1934 novel by Vladimir Nabokov

Despair (Отчаяние, or Otchayanie) is the seventh novel by Vladimir Nabokov, originally published in Russian, serially in the politicized literary journal Sovremennye zapiski during 1934. It was then published as a book in 1936, and translated to English by the author in 1937. Most copies of the 1937 English edition were destroyed by German bombs during World War II; only a few copies remain. Nabokov published a second English translation in 1965; this is now the only English translation in print.

==Plot summary==
The narrator and protagonist of the story, Hermann Karlovich, a Russian of German descent and owner of a chocolate factory, meets a homeless man in the city of Prague, whom he believes to be his doppelgänger. Even though Felix, the supposed doppelgänger, is seemingly unaware of their resemblance, Hermann insists that their likeness is most striking. Hermann is married to Lydia, a sometimes silly and forgetful wife (according to Hermann) who has a cousin named Ardalion. It is heavily hinted that Lydia and Ardalion are, in fact, lovers, although Hermann continually stresses how much Lydia loves him. On one occasion Hermann actually walks in on the pair, naked, but Hermann appears to be completely oblivious of the situation, perhaps deliberately so. After some time, Hermann shares with Felix a plan for both of them to profit off their shared likeness by having Felix briefly pretend to be Hermann. But after Felix is disguised as Hermann, Hermann kills Felix in order to have Lydia collect his own life insurance. He then intends to re-marry her under his new identity as Felix. Hermann considers the presumably perfect murder plot to be a work of art rather than a scheme to gain money. But as it turns out, there is no resemblance whatsoever between the two men, the murder is not 'perfect', and the murderer is about to be captured by the police in a small hotel in France, where he is hiding.
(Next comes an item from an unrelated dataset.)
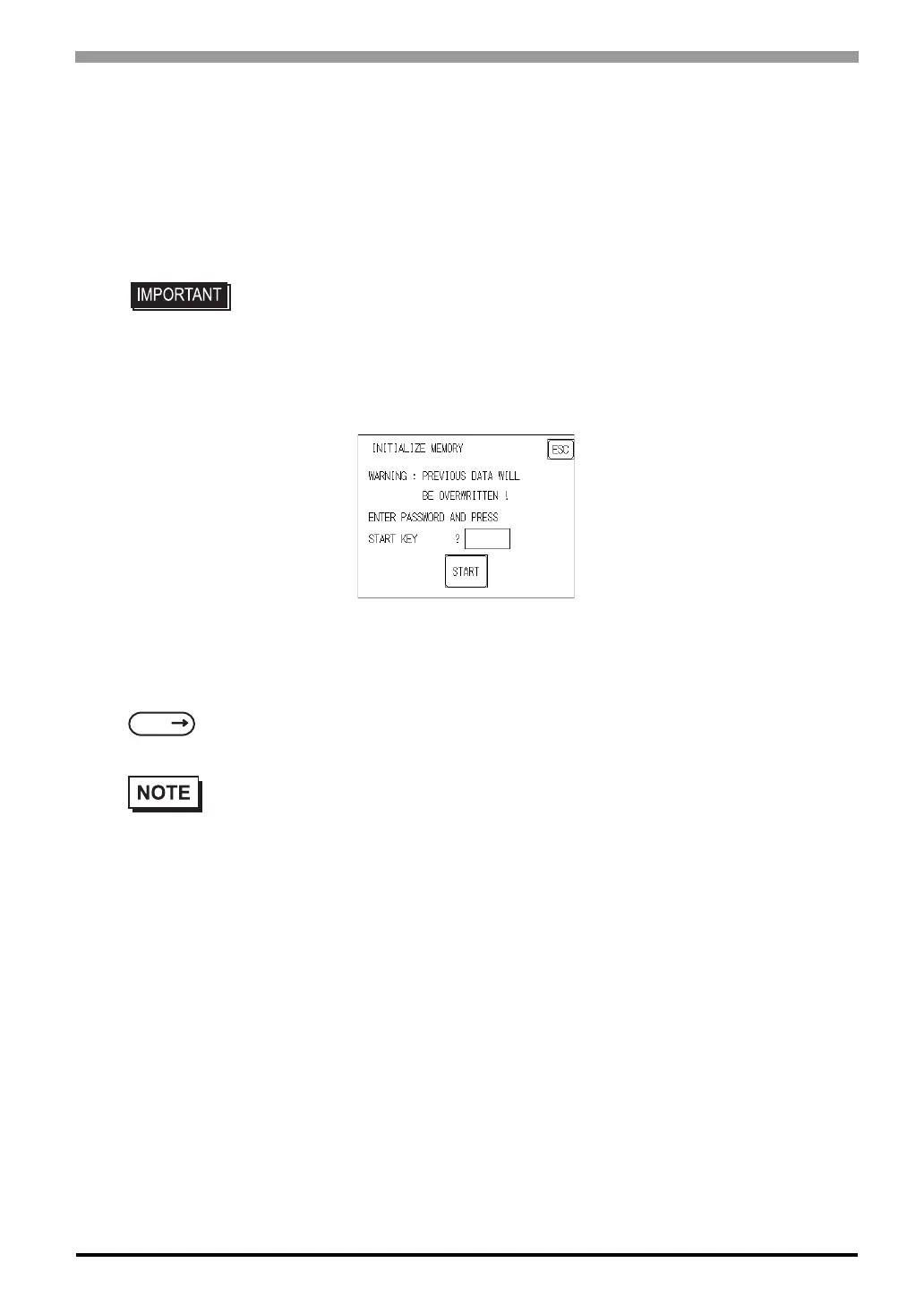 To initialize the ST internal memory, enter the common password 1101, or the password entered in the SYS-

Hermann, the narrator, switches to a diary mode at the very end just before his capture; the last entry is on April 1.

==Background==

===Publication history===
Nabokov began to compose Despair while he was living in Berlin beginning in July 1932 and managed to complete the first draft on September 10 of the same year. The year in which Nabokov was writing Despair was a turbulent one for Germany. In June 1932, the Reichstag had collapsed. Incumbent President Paul von Hindenburg called for elections, leading to violence between the Nazis and Communists. The Nazi party was becoming more prominent; Hitler would be appointed chancellor in 1933. This would only fuel Nabokov's hatred for totalitarian governments, and this disdain was incorporated somewhat into Despair (Hermann is pro-Communist) and more prominently later on in Invitation to a Beheading (1936), Nabokov's next novel.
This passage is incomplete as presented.